### Task instructions
Below, locate the line that contains "The show's opening". Repeat exactly from that line to the line that contains "Đoàn viên, thanh", inclusive, leaving out the pictures.
─── Records provided
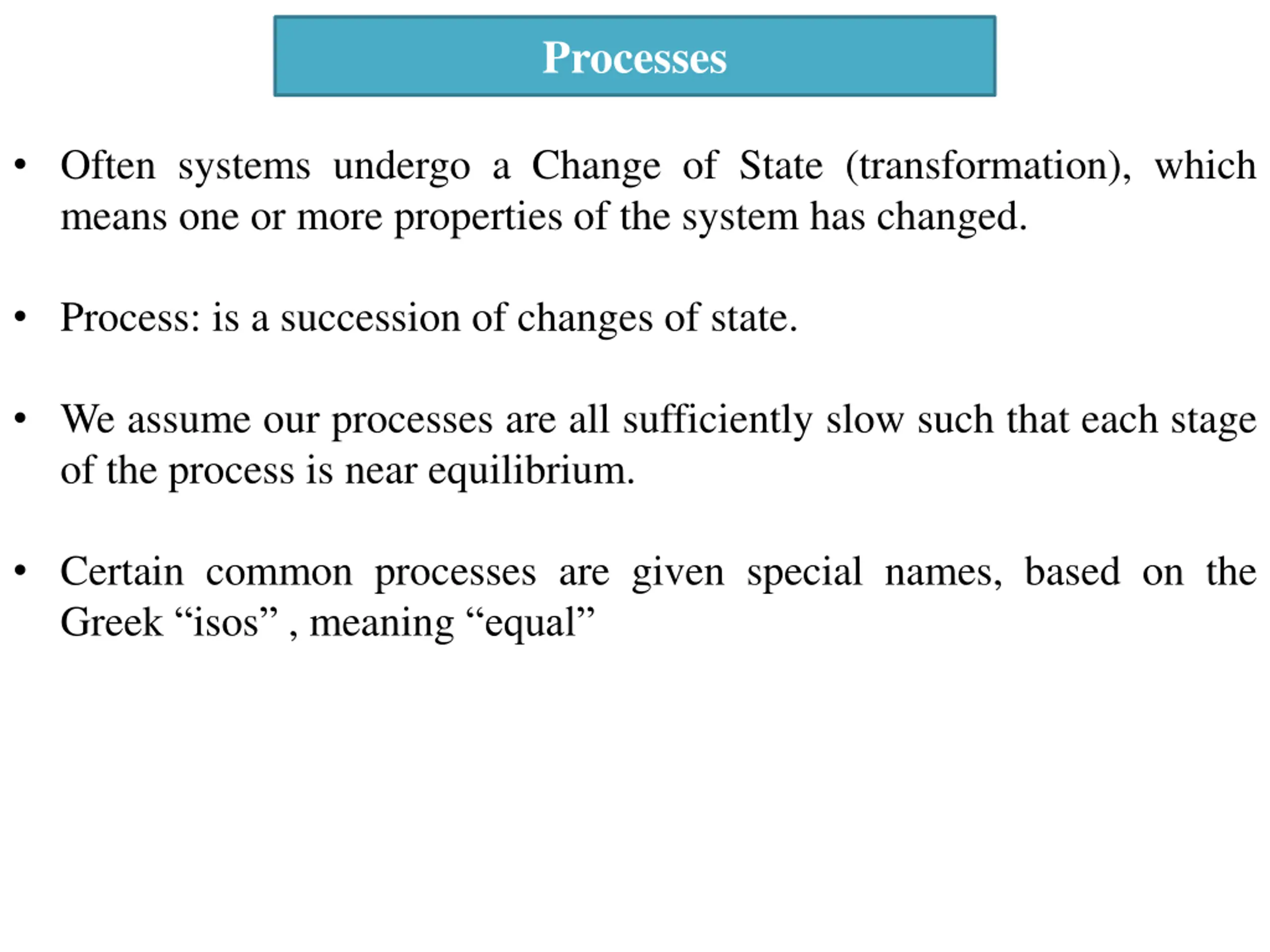 Processes Often systems undergo a Change of State (transformation), which means one or more properties of the system has changed. Process: is a succession of changes of state. We assume our processes are all sufficiently slow such that each stage of the process is near equilibrium. Certain common processes are given special names, based on the Greek isos , meaning equal
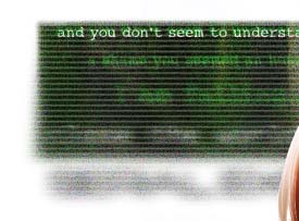 The show's opening titles are intriguing, as they show Lain walking through a shifting series of backgrounds and situations underpinned by music very suggestive of a Suzanne Vega or Sheryl Crow ballad, and often Lain appears in such scenes as the character on a TV screen, seeming to interact with the people in the room. The final opening title scene shows Lain losing her cap in a gust of wind, but then the scene freezes, becoming somewhat like an old photograph, save for Lain who walks away after a moment, leaving the cap suspended in the air and giving the viewer the first taste of the flexible reality of her world.
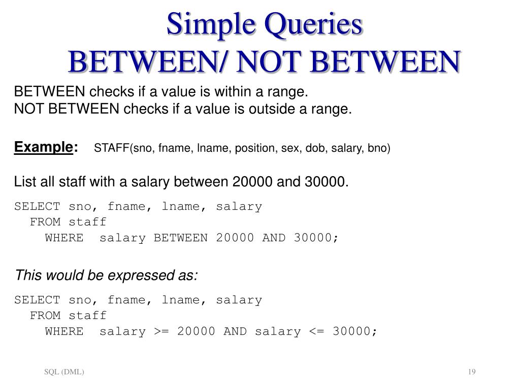 Simple QueriesBETWEEN/ NOT BETWEEN BETWEEN checks if a value is within a range. NOT BETWEEN checks if a value is outside a range. Example: STAFF(sno, fname, lname, position, sex, dob, salary, bno) List all staff with a salary between 20000 and 30000. SELECT sno, fname, lname, salary FROM staff WHERE salary BETWEEN 20000 AND 30000; This would be expressed as: SELECT sno, fname, lname, salary FROM staff WHERE salary >= 20000 AND salary <= 30000;
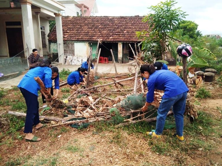 Đoàn viên, thanh niên giúp đỡ gia đình thương binh tu sữa nhà ở, chỉnh trang vườn hộ
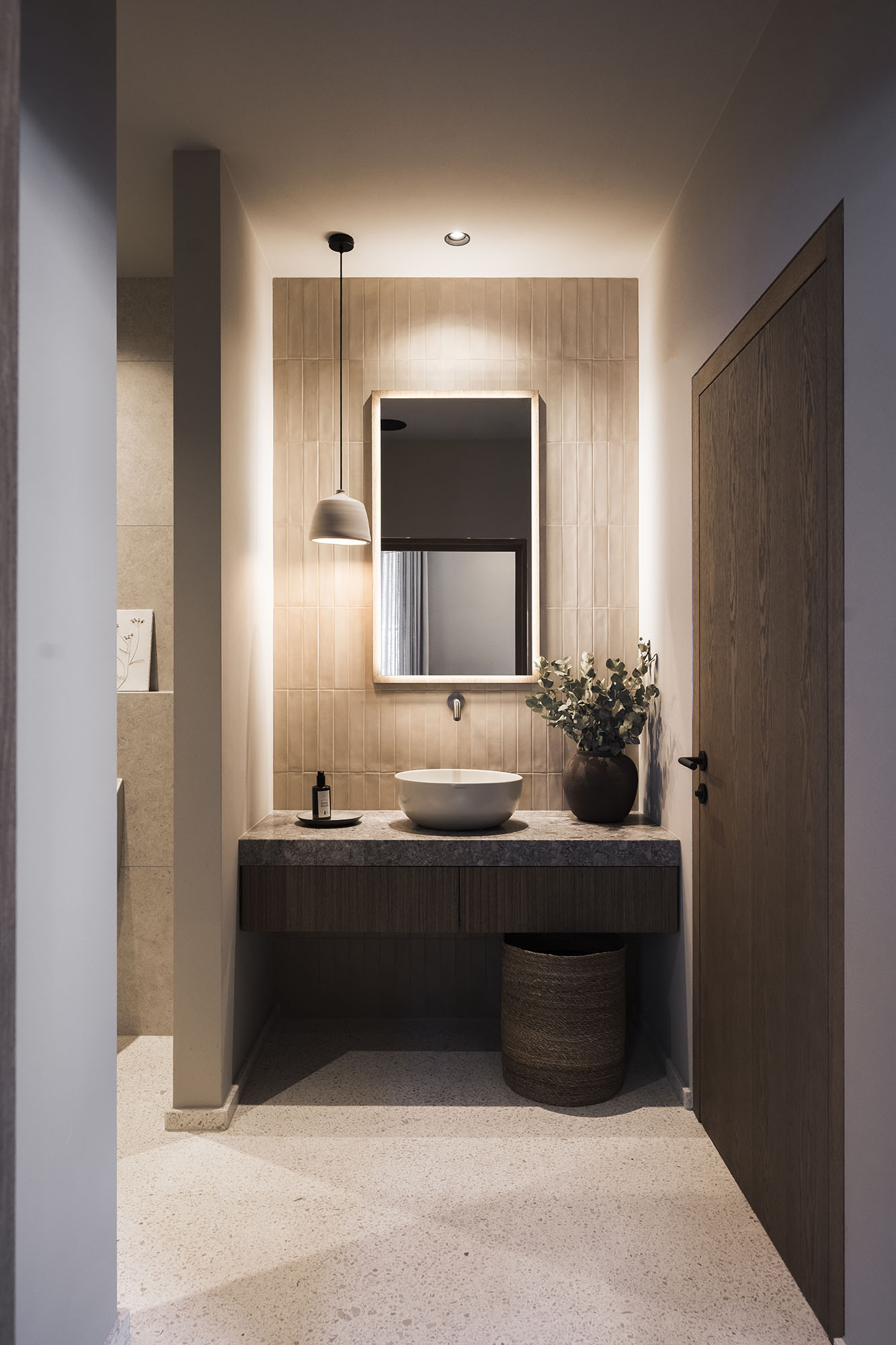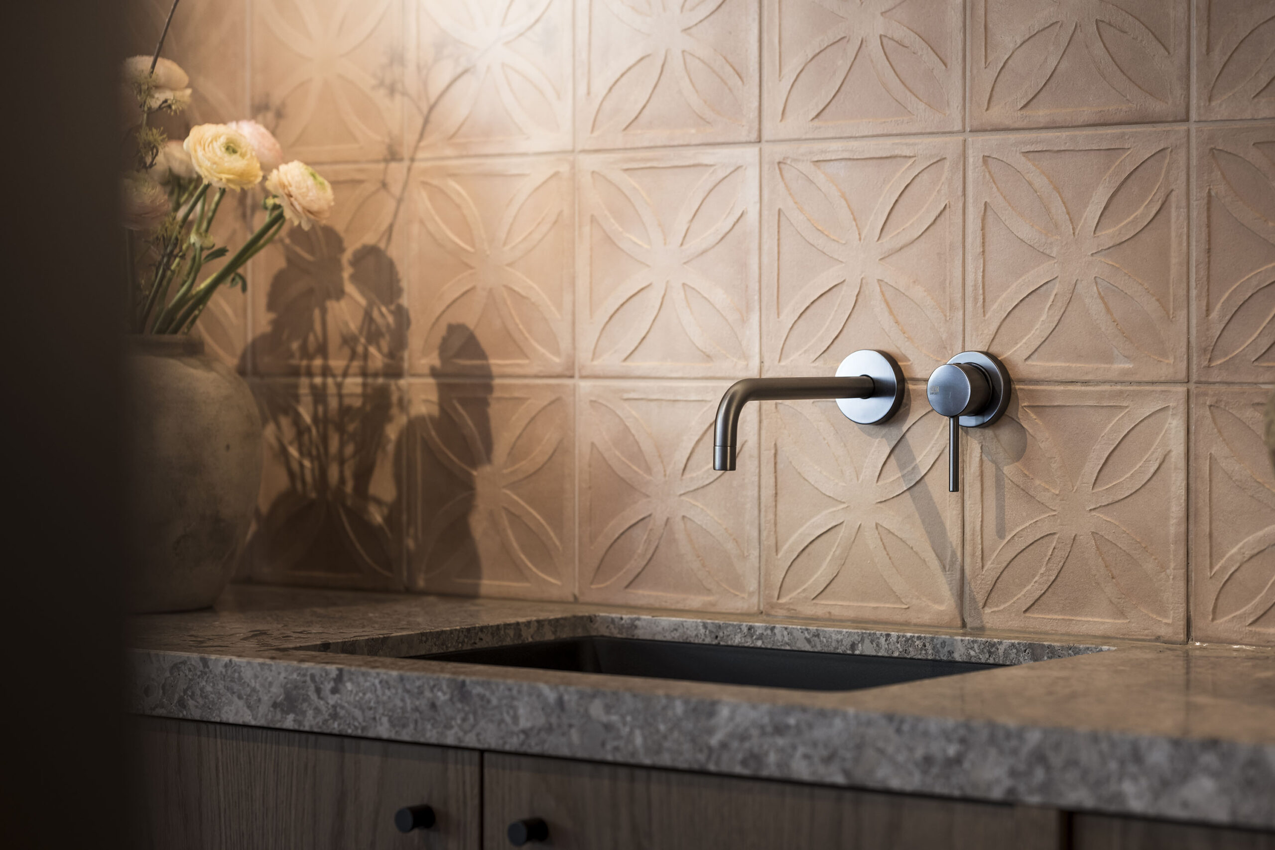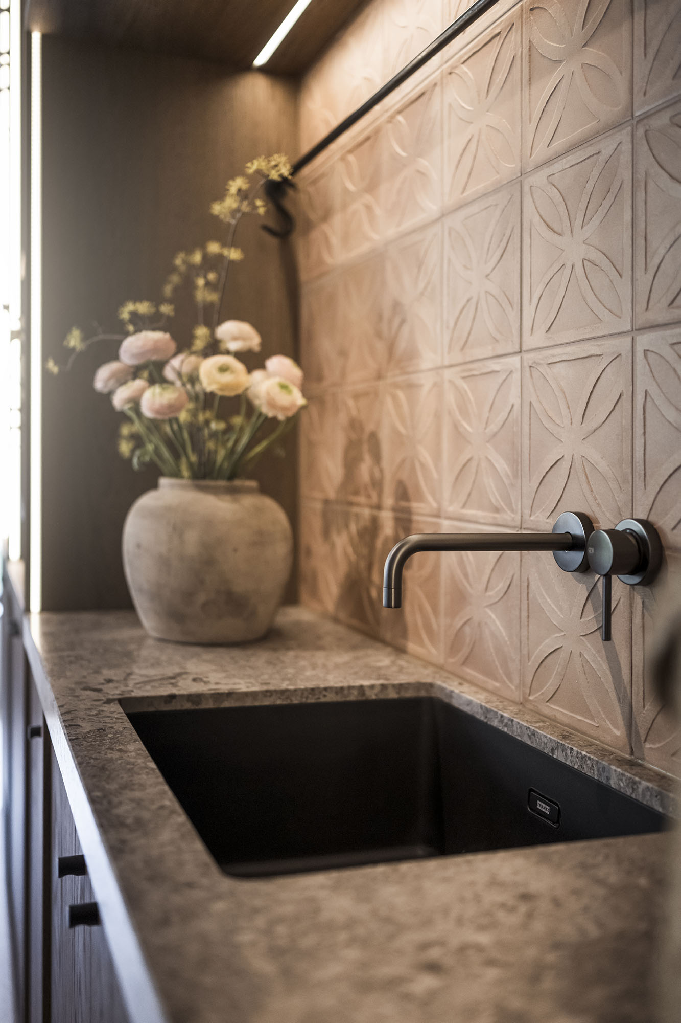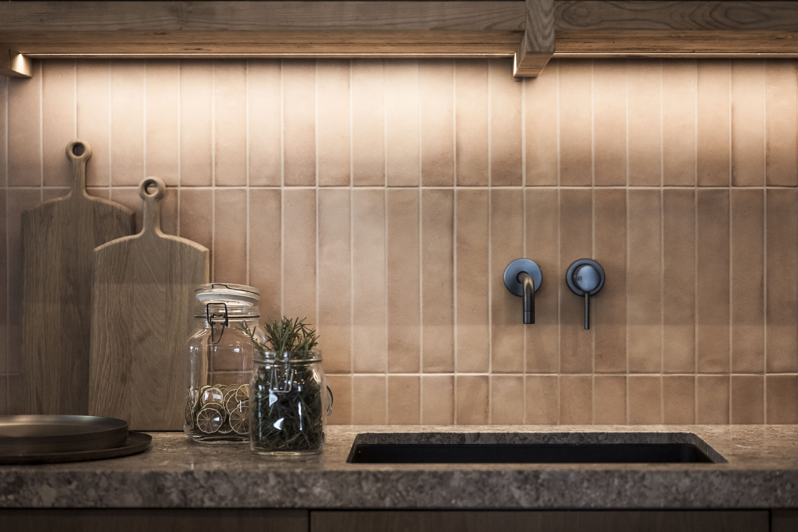 L’ispirazione materica nasce dal cotto lavorato a mano, con bordi marcati e leggere nuvolature sulla superficie. Le piastrelle che compongono il bancone del bar sono accompagnate da un inaspettato backsplash realizzato nella versione strutturata 3D Gelosia nel colore Cotto. Amuri, nella versione mattoncino 5,3×30 cm, è stata utilizzata anche per rivestire la cucina e il bagno, creando continuità estetica e un richiamo alla tradizione artigianale.
──────
### Task output
 The show's opening titles are intriguing, as they show Lain walking through a shifting series of backgrounds and situations underpinned by music very suggestive of a Suzanne Vega or Sheryl Crow ballad, and often Lain appears in such scenes as the character on a TV screen, seeming to interact with the people in the room. The final opening title scene shows Lain losing her cap in a gust of wind, but then the scene freezes, becoming somewhat like an old photograph, save for Lain who walks away after a moment, leaving the cap suspended in the air and giving the viewer the first taste of the flexible reality of her world.
 Simple QueriesBETWEEN/ NOT BETWEEN BETWEEN checks if a value is within a range. NOT BETWEEN checks if a value is outside a range. Example: STAFF(sno, fname, lname, position, sex, dob, salary, bno) List all staff with a salary between 20000 and 30000. SELECT sno, fname, lname, salary FROM staff WHERE salary BETWEEN 20000 AND 30000; This would be expressed as: SELECT sno, fname, lname, salary FROM staff WHERE salary >= 20000 AND salary <= 30000;
 Đoàn viên, thanh niên giúp đỡ gia đình thương binh tu sữa nhà ở, chỉnh trang vườn hộ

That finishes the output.